■ **Data supplied**:
● ● ● ● ● ● ●
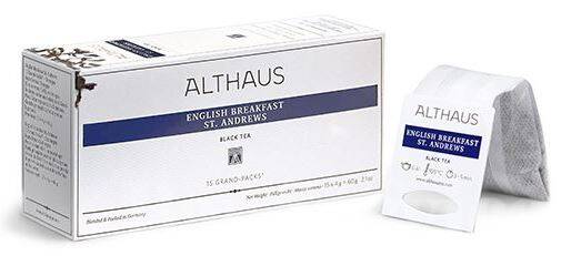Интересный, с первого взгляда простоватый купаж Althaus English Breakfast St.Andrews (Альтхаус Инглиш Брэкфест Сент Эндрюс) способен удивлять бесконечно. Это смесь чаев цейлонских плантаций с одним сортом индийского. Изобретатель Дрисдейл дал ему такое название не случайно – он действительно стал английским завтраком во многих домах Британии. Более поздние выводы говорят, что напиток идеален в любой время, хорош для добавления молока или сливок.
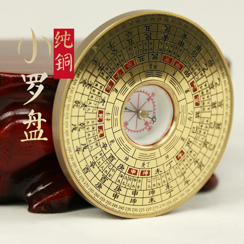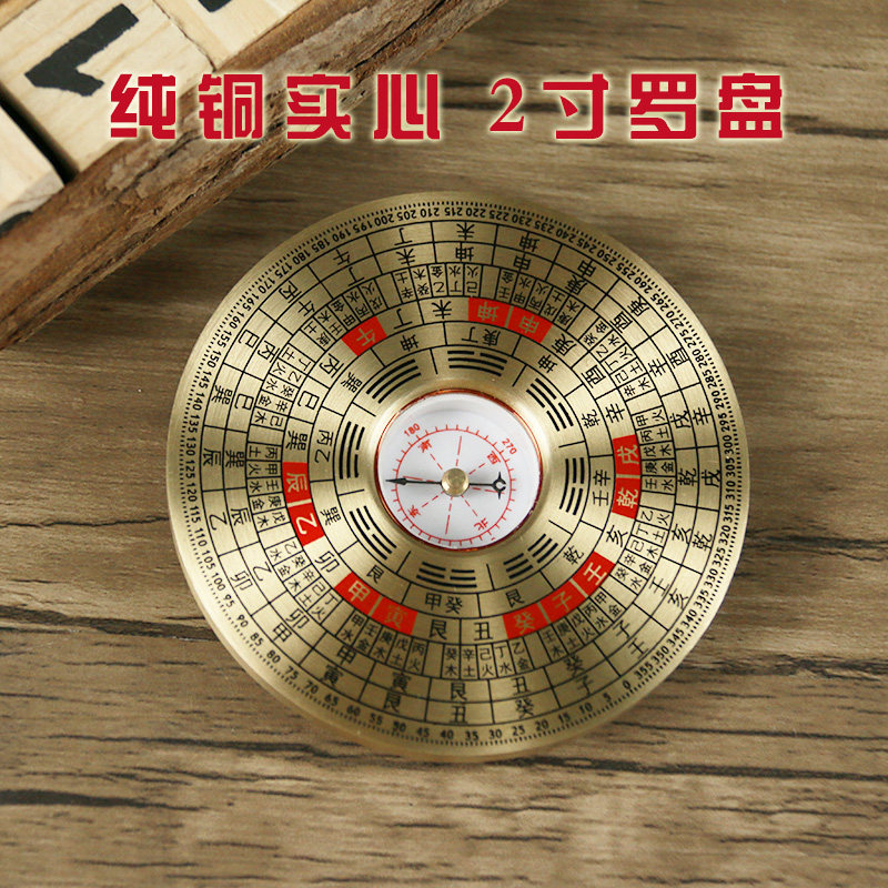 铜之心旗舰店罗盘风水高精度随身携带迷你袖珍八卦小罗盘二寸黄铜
● ● ● ● ● ● ●
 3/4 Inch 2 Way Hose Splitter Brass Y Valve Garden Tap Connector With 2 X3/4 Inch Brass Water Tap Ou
● ● ● ● ● ● ●
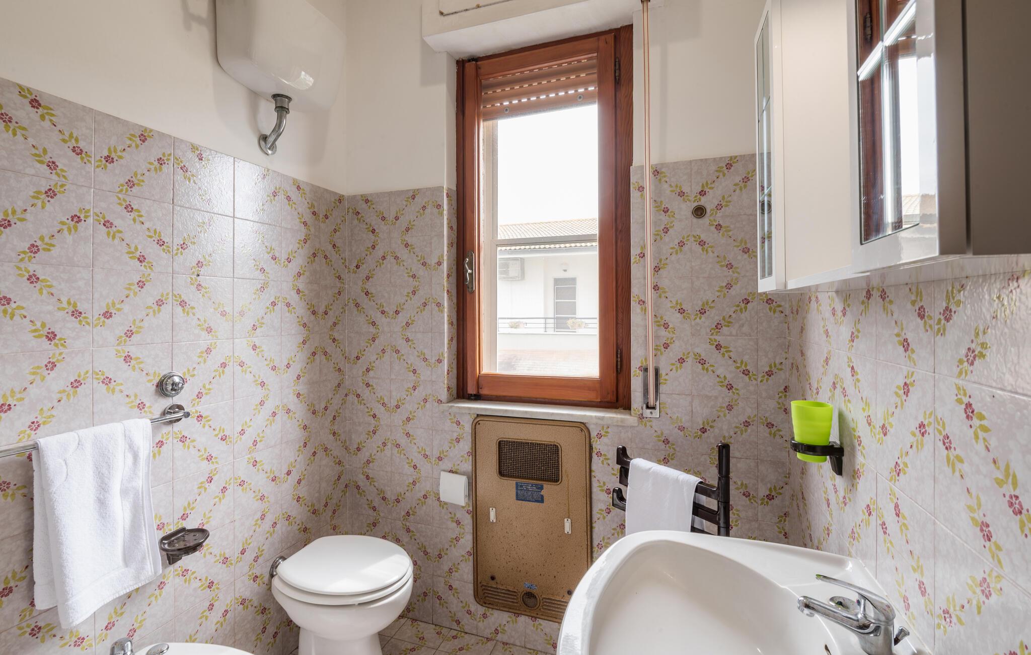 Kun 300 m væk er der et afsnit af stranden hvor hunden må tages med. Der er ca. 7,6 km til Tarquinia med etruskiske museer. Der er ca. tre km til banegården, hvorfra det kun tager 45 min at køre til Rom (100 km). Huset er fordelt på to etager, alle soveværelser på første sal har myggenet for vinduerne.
● ● ● ● ● ● ●
■ **Task to complete**:
Repeat exactly the lines above, beginning at the one containing "Интересный, с первого" and ending at the one containing "铜之心旗舰店罗盘风水高精度随身携带迷你袖珍八卦小罗盘二寸黄铜". Do not carry over any pictures.

■ **Task answer**:
Интересный, с первого взгляда простоватый купаж Althaus English Breakfast St.Andrews (Альтхаус Инглиш Брэкфест Сент Эндрюс) способен удивлять бесконечно. Это смесь чаев цейлонских плантаций с одним сортом индийского. Изобретатель Дрисдейл дал ему такое название не случайно – он действительно стал английским завтраком во многих домах Британии. Более поздние выводы говорят, что напиток идеален в любой время, хорош для добавления молока или сливок.
 铜之心旗舰店罗盘风水高精度随身携带迷你袖珍八卦小罗盘二寸黄铜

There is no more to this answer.